* **About this exercise**:
Where the records contain images, omit them, and repeat everything else word for word.

* **Task inputs**:
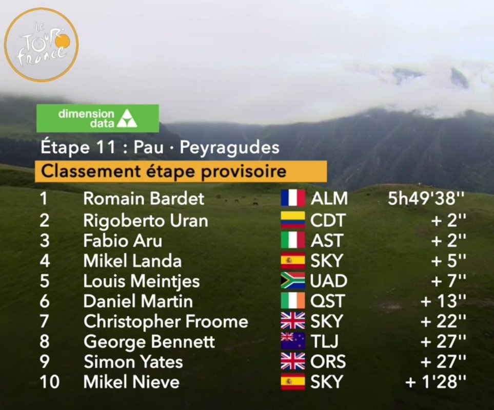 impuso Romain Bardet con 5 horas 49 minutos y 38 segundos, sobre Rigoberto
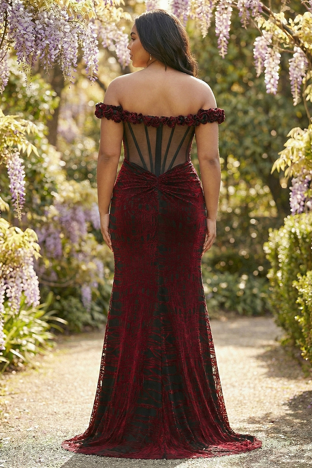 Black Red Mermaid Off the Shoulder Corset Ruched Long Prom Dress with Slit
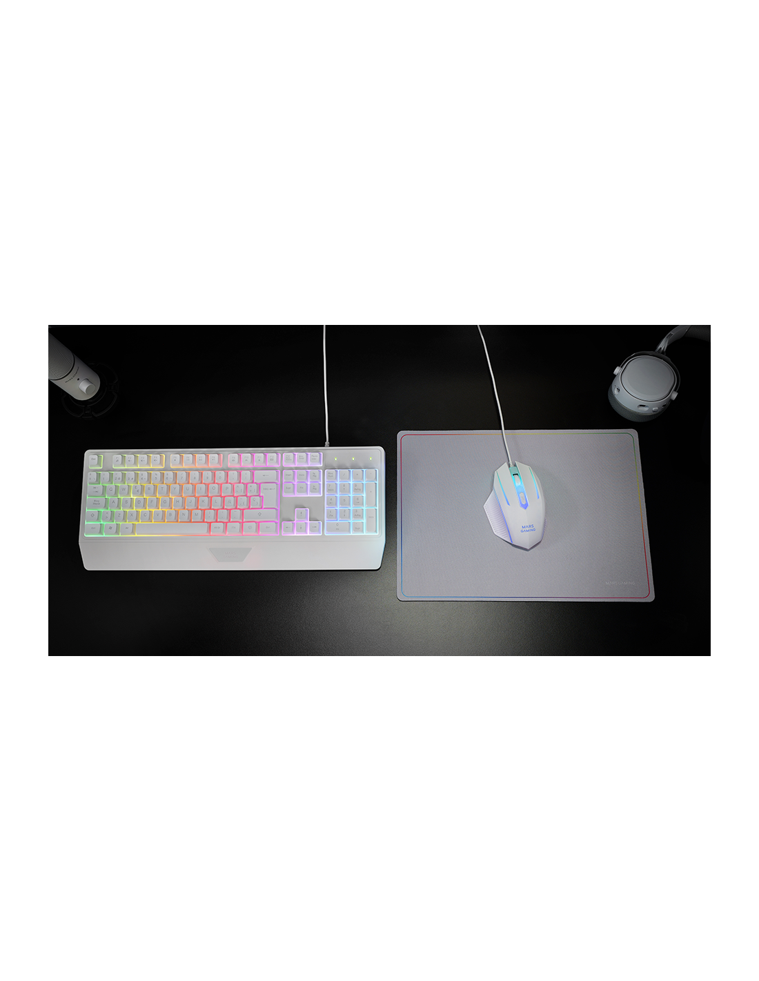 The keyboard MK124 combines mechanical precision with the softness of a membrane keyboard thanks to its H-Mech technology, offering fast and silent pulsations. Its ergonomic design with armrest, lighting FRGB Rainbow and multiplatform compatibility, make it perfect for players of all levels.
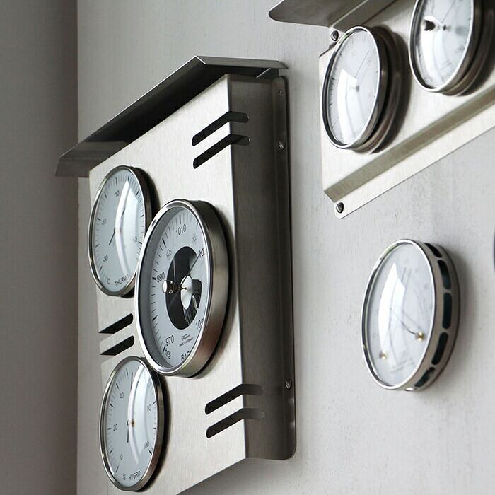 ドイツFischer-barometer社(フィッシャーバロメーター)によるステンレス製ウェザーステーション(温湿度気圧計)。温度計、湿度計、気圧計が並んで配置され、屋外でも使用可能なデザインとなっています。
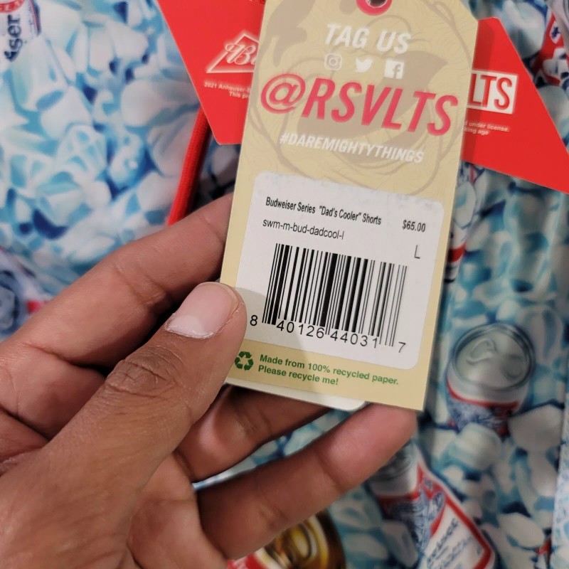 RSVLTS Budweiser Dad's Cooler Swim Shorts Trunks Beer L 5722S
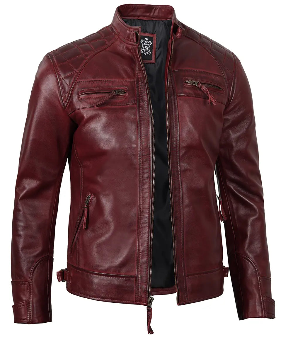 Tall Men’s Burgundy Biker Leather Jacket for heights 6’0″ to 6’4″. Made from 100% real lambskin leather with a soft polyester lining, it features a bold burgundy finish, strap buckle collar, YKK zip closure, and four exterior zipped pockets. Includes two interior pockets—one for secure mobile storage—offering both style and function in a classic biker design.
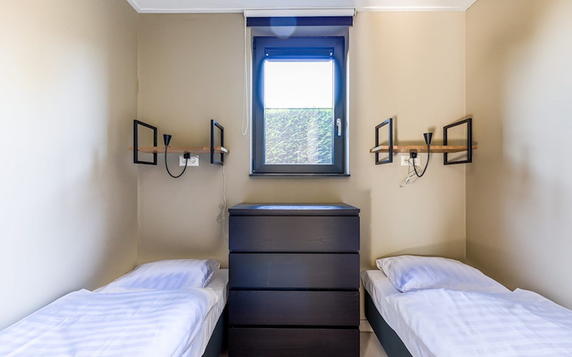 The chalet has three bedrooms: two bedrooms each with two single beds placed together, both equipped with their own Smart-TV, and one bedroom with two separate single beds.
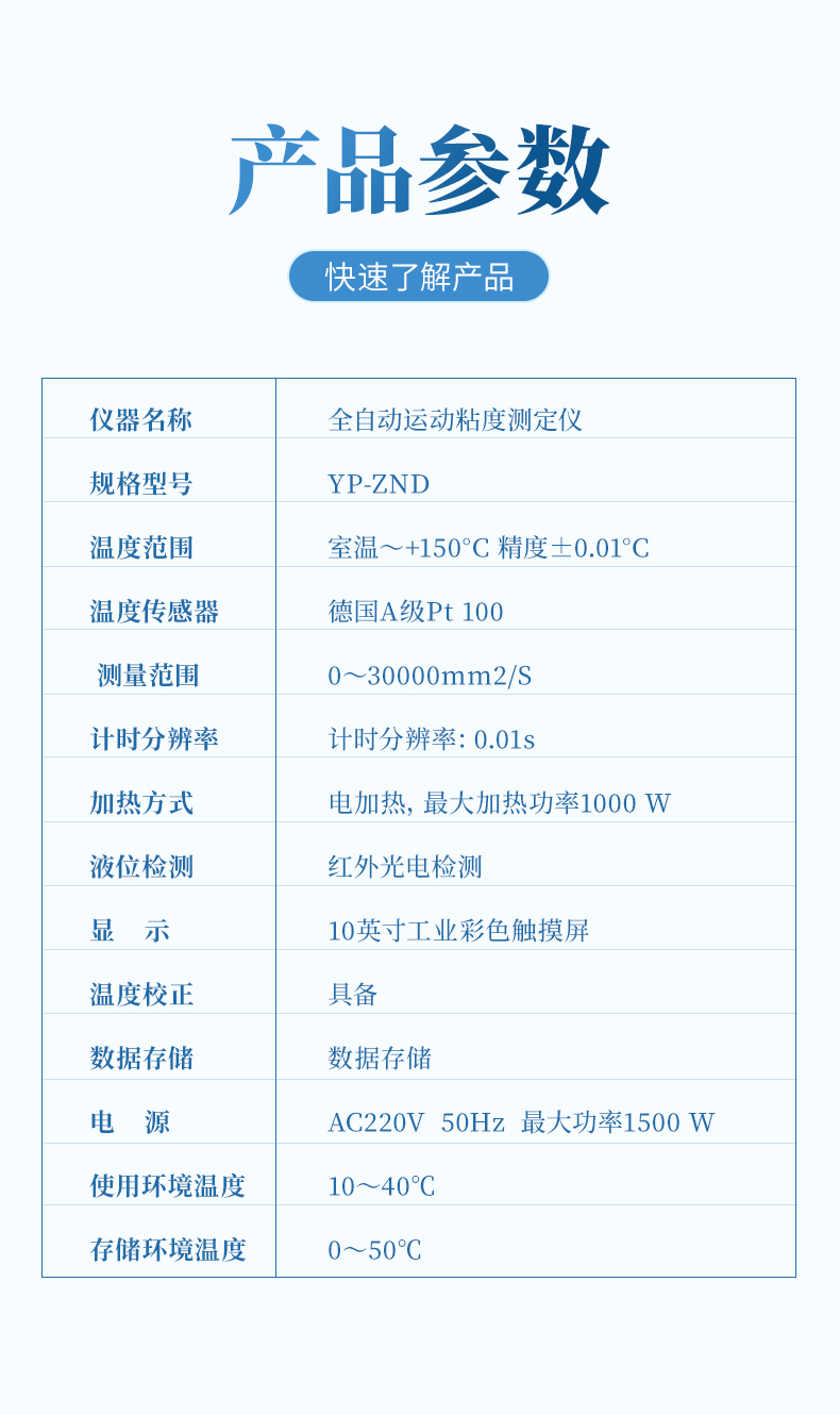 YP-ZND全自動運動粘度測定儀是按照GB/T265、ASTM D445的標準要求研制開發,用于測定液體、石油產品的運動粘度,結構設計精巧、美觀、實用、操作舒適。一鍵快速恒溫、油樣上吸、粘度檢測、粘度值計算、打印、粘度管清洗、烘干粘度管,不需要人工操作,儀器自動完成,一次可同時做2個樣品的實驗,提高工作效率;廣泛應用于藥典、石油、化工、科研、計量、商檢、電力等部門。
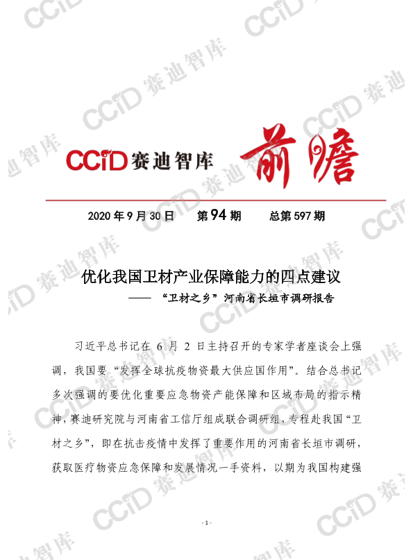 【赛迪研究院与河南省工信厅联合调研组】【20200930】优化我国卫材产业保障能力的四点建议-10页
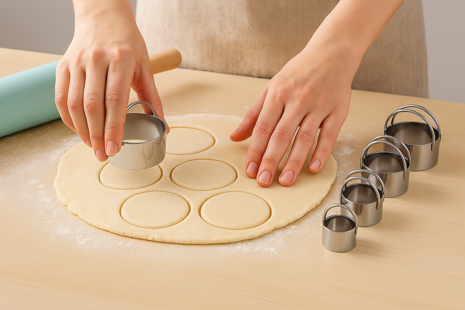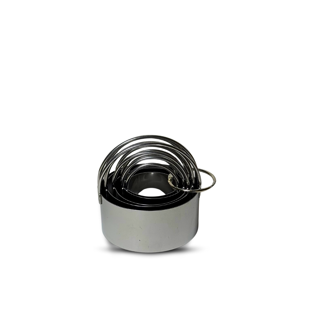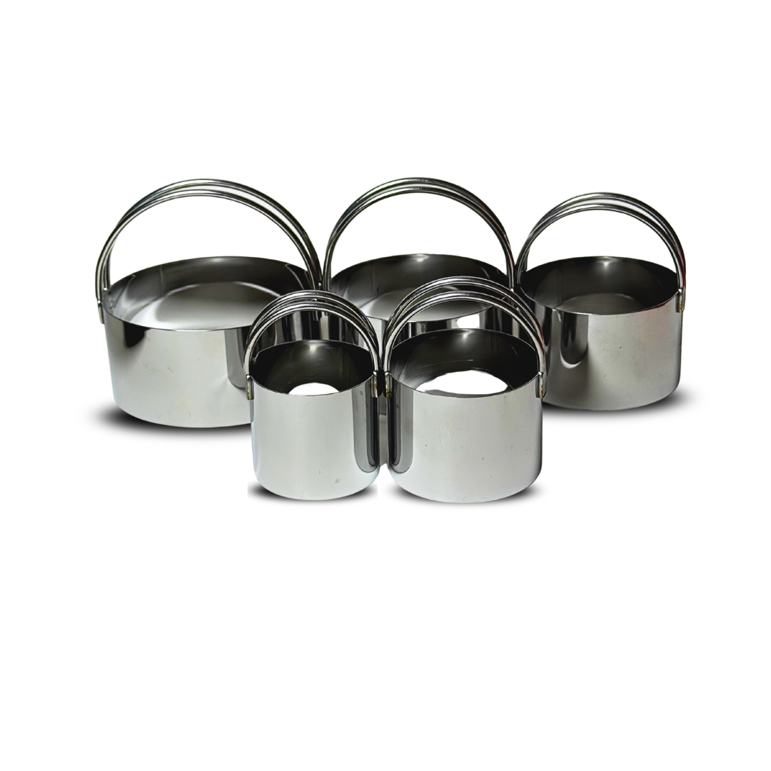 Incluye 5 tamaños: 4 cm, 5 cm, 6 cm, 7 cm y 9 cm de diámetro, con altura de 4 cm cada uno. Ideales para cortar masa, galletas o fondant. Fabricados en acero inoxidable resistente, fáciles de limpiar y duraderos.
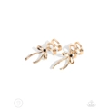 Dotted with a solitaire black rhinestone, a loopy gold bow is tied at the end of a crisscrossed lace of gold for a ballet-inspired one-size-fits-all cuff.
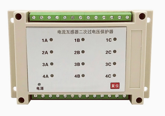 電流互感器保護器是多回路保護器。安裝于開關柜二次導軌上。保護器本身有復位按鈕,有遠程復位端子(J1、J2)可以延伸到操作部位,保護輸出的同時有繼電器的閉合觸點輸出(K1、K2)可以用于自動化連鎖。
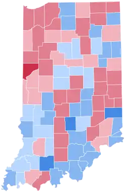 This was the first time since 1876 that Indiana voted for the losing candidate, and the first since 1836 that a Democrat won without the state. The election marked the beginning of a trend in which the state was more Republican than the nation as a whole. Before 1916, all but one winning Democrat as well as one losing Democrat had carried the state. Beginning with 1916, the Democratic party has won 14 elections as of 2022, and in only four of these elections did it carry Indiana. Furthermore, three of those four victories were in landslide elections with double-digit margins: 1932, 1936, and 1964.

* **Solution to the problem**:
 impuso Romain Bardet con 5 horas 49 minutos y 38 segundos, sobre Rigoberto
 Black Red Mermaid Off the Shoulder Corset Ruched Long Prom Dress with Slit
 The keyboard MK124 combines mechanical precision with the softness of a membrane keyboard thanks to its H-Mech technology, offering fast and silent pulsations. Its ergonomic design with armrest, lighting FRGB Rainbow and multiplatform compatibility, make it perfect for players of all levels.
 ドイツFischer-barometer社(フィッシャーバロメーター)によるステンレス製ウェザーステーション(温湿度気圧計)。温度計、湿度計、気圧計が並んで配置され、屋外でも使用可能なデザインとなっています。
 RSVLTS Budweiser Dad's Cooler Swim Shorts Trunks Beer L 5722S
 Tall Men’s Burgundy Biker Leather Jacket for heights 6’0″ to 6’4″. Made from 100% real lambskin leather with a soft polyester lining, it features a bold burgundy finish, strap buckle collar, YKK zip closure, and four exterior zipped pockets. Includes two interior pockets—one for secure mobile storage—offering both style and function in a classic biker design.
 The chalet has three bedrooms: two bedrooms each with two single beds placed together, both equipped with their own Smart-TV, and one bedroom with two separate single beds.
 YP-ZND全自動運動粘度測定儀是按照GB/T265、ASTM D445的標準要求研制開發,用于測定液體、石油產品的運動粘度,結構設計精巧、美觀、實用、操作舒適。一鍵快速恒溫、油樣上吸、粘度檢測、粘度值計算、打印、粘度管清洗、烘干粘度管,不需要人工操作,儀器自動完成,一次可同時做2個樣品的實驗,提高工作效率;廣泛應用于藥典、石油、化工、科研、計量、商檢、電力等部門。
 【赛迪研究院与河南省工信厅联合调研组】【20200930】优化我国卫材产业保障能力的四点建议-10页
 Incluye 5 tamaños: 4 cm, 5 cm, 6 cm, 7 cm y 9 cm de diámetro, con altura de 4 cm cada uno. Ideales para cortar masa, galletas o fondant. Fabricados en acero inoxidable resistente, fáciles de limpiar y duraderos.
 Dotted with a solitaire black rhinestone, a loopy gold bow is tied at the end of a crisscrossed lace of gold for a ballet-inspired one-size-fits-all cuff.
 電流互感器保護器是多回路保護器。安裝于開關柜二次導軌上。保護器本身有復位按鈕,有遠程復位端子(J1、J2)可以延伸到操作部位,保護輸出的同時有繼電器的閉合觸點輸出(K1、K2)可以用于自動化連鎖。
 This was the first time since 1876 that Indiana voted for the losing candidate, and the first since 1836 that a Democrat won without the state. The election marked the beginning of a trend in which the state was more Republican than the nation as a whole. Before 1916, all but one winning Democrat as well as one losing Democrat had carried the state. Beginning with 1916, the Democratic party has won 14 elections as of 2022, and in only four of these elections did it carry Indiana. Furthermore, three of those four victories were in landslide elections with double-digit margins: 1932, 1936, and 1964.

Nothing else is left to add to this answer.